I don't really understand the attraction to Bad Boys. I lost my tolerance for that kind of nonsense after high school! Seriously, after a certain point, you get tired of dating the wrong man over and over again. I decided it was illogical and wasn't worth the time or the (wasted) effort. So I vowed to stay single until an available guy came along who was both mature and NOT A JERK. I had a couple of false starts (which ended as soon as I started seeing "red flags"), but ultimately ended up with a Good Guy thanks to my patience and stubborn insistance on knowing what I deserve.
Women: Don't settle. We don't need mates to survive or to live long happy lives. Being alone is not the Deadly Horror we pretend it to be. So enjoy getting to know yourself and living your own life until the right partner comes along. And follow your instincts: if it feels "off", then it probably is. Healthy relationships don't involve constant drama. I think our gender tends to forget that fact too easily.
Good luck, lovely ladies!
I have to disagree with Emily Gordon's post. I don't think the appeal is about liking a challenge; no woman really thinks she can change a guy. I think it is pure biology.
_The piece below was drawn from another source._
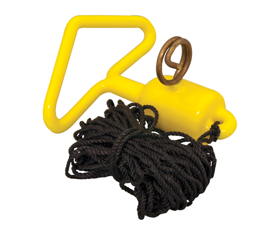 • Produto amarelo de plástico com corda preta e anel metálico

Something about a bad guy (defiant attitued, rebel looks, macho talk, etc...) says "tough" and we are biologically programmed to think that "tough" = survior, and our biology also says to get with the guy who can give your kids the best survival odds, hence the attraction to bad boys. Part of it is also the thrill, but ultimatly it is genetics. Check out this article in the WSJ. Our preferences for men seems to be dictated by our environment - again, all due to our perception of how good a provider he is and how he can provide in a given environment.
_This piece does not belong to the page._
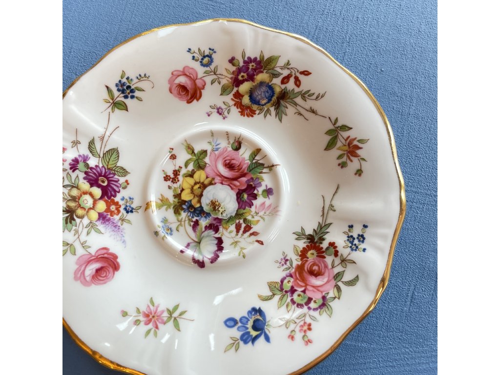 Ve středu podšálku se nachází výrazný květinový medailon, který harmonicky doplňuje dekor na okraji.

http://online.wsj.com/article/SB10001424052748704100604575145810050665030.html
Actually, I disagree with both. i dont think its necessarily that ladies want "bad" boys, we want MANLY guys. Manliess, if I had to go all psychology on this- is a confounding variable. We want guys with confidence and swagger. Bad boys tend to have these things. "Nice" guys tend to not have these things. I think its completely arugable that women just want what is sexy, and what they're attracted to. You can tell the women who go after bad boys that they're fools; but hey, you can't just make yourself be attracted to a guy who's wimpy. We dont get to chose who we fall for. We get to act on those urges or not, but training a girl to recognize bad boy behavior STILL wont make her attracted to that nice guy. So, I think it would be much better and more effective to instill confidence and swagger in nice/good guys. I "like" bad boys myself. I dont go for them cause I know they would treat me like crap. I would love to be attracted to a lot of my guy friends who have expressed interest in me.... but they are just not manly and confident and sexy for me. If, when we had first met, they didnt freak out and look like they were going to pee their pants talking to me then MAYBE it would be a different story.
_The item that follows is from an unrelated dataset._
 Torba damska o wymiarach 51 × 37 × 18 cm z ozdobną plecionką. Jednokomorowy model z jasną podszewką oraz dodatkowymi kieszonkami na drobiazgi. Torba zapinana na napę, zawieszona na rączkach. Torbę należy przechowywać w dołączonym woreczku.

We love bad boys because they loved us first. I was never seeking the bad boy but he showed up with flowers, his attention his protection and he made me feel good. Also I noticed the smarter guys are using his approach to date us. Yes that is what needs to happen. The good guys hurt you unintentionally by not being clear. Remember girls are shy they don't even know what they are feeling maybe they're really nervous. It was hard for me to let myself be known only people who got past that shyness or whatever were either the guys who take the lead or other flawed guys who keep it real. I met a good guy and he's chasing me like a bad boy with his dark arts seduction stuff and I guess it means he wants me if he takes the trouble. Even I would hesitate to get into he dark arts b/c of his free will or something but he if he doesn't hesitate maybe that's a good sign. I had a complaint with a guy I married once...he ended up treating me like furniture. But I might have known because if guys don't chase you and cause a fuss maybe they're not attracted to you and then you're both in trouble.